Atlanta’s future first lady is a glamorous former beauty queen, a cultured scholar and a dedicated public servant steeped in the history of the city’s civil rights struggles, said her longtime family friend.
“She will be a great ambassador,” said Andrea L. Boone, commissioner of constituent services in Atlanta Mayor Kasim Reed’s office. “She’s perfect for this.”
Boone has known Sarah-Elizabeth Langford, the mayor’s intended, since Langford was a toddler.
“We grew up together,” Boone said. “It’s been a lifelong friendship.”
Her father, the Rev. Joseph E. Boone, preceded Langford’s father, the Rev. Arthur E. Langford Jr., in the pulpit of Rush Memorial Congregational Church, a congregation deeply involved in the civil rights movement. Boone recalls her friend “watching her father give his sermons. She was very attentive even as a little girl. Her mother would bring her to Sunday school dressed up. She’s always been very pretty.”
And smart.
The former Miss District of Columbia is a graduate of the University of Michigan and Howard University School of Law, and is now employed by National Church Residences, a senior housing nonprofit.
“She’s a diligent and dedicated servant,” said Boone, who recalled her friend discussing matters in French with her mother, Alethea W. Boone, growing up. “She has a passion for the least of these. She’s not a little trophy girl. She’s strong.”

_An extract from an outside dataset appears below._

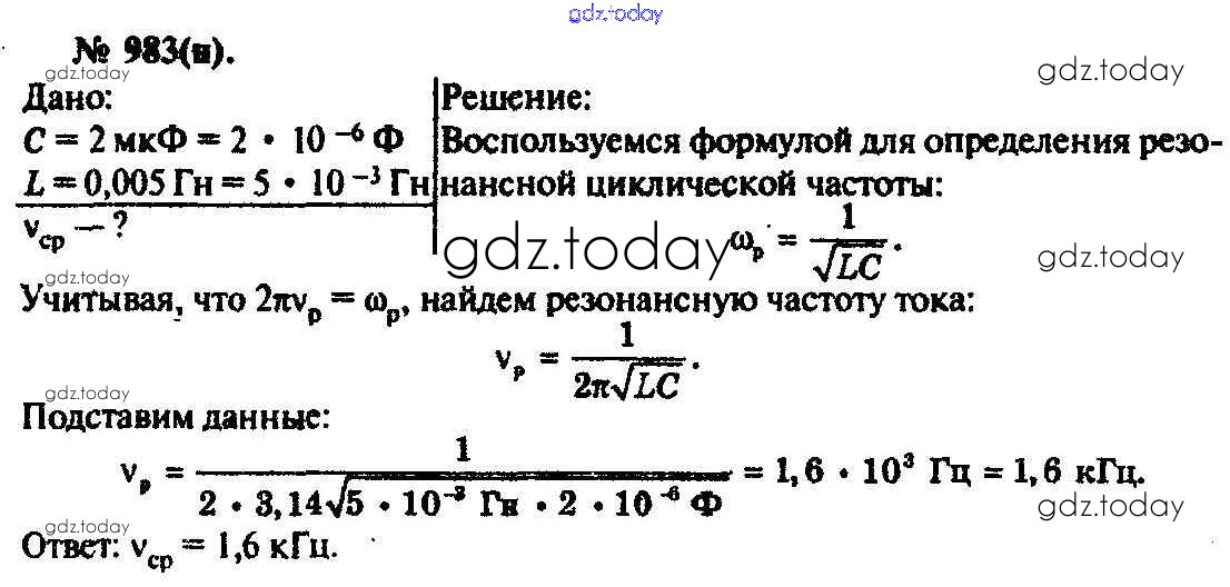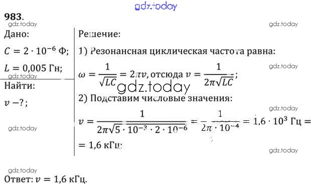На страницах сайта gdz.today вы найдете учебный и вспомогательный материал, направленный на улучшения знаний школьной программы. ГДЗ - онлайн мир знаний Задачи 983 Задачнику по Физике для 10-11 класса Рымкевич Дрофа УМК 2013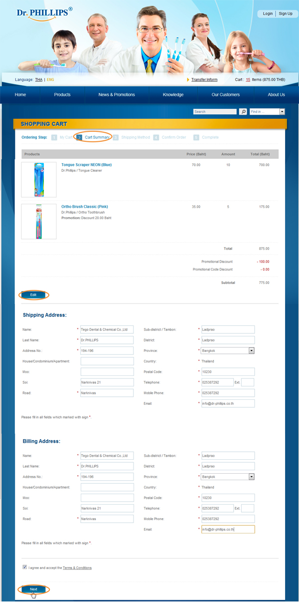 6. You will enter "Cart Summary" screen that show item list and total amount including discount, you need to input address for shipping and billing (you should input real email cause you can tracking your order status), The next step is click at "Next"

Former Mayor and U.N. Ambassador Andrew Young, a longtime Langford family friend, introduced Langford at the 30th annual Mayor’s Masked Ball in December.
“I just wanted them to know that she was more than just a pretty face,” said Young, who last month walked daughter Andrea Idelle Young (now Mrs. Jerry Thomas Jr.) down the aisle. He didn’t mind sharing his thoughts on mayors and marriage.
“I rode up to New York with Valerie Jackson just before she and Maynard got engaged,” he said of the late former Atlanta Mayor Maynard Jackson. “I said the one thing she couldn’t afford to be was possessive and jealous. The mayor is married to the city. You can’t be jealous and possessive over any person in public life. You have to be secure in your own life.”
Langford is, Young said. “She is accomplished in her own right.”
Reed, 44, proposed to Langford, 35, while vacationing in the Bahamas and announced the engagement on Monday.
“I could not feel more blessed that she agreed to marry me, and we look forward to building a family together in the greatest city in America,” Reed said in a statement. “I am honored to have our friends and family share this special moment with us and I ask that our privacy is respected as we celebrate this personal occasion.”
The mayor declined to comment beyond the statement, and his fiancee, who is expecting the couple’s first child, didn’t respond to an interview request.
Although other family friends are thrilled for the couple, few wanted to comment publicly. While the Bahamas Consulate General’s Atlanta office was quick to offer congratulations (and perhaps a tourist-friendly hint to other romantics that the Bahamas sure are lovely this time of year), Consul General Randy Rolle’s hearty felicitations came packaged with a privacy pledge in keeping with the mayor’s request.
“We are honored that the mayor chose the Bahamas to extend a marriage proposal to his bride-to-be,” Rolle said in a statement. “As Atlanta and the Bahamas advance in partnership, I am honored that the islands of the Bahamas have been a part of such a momentous occasion. We thank Mayor Reed and his future bride for visiting the Bahamas. The entire island is excited, we respect their privacy and wish the happy couple well.”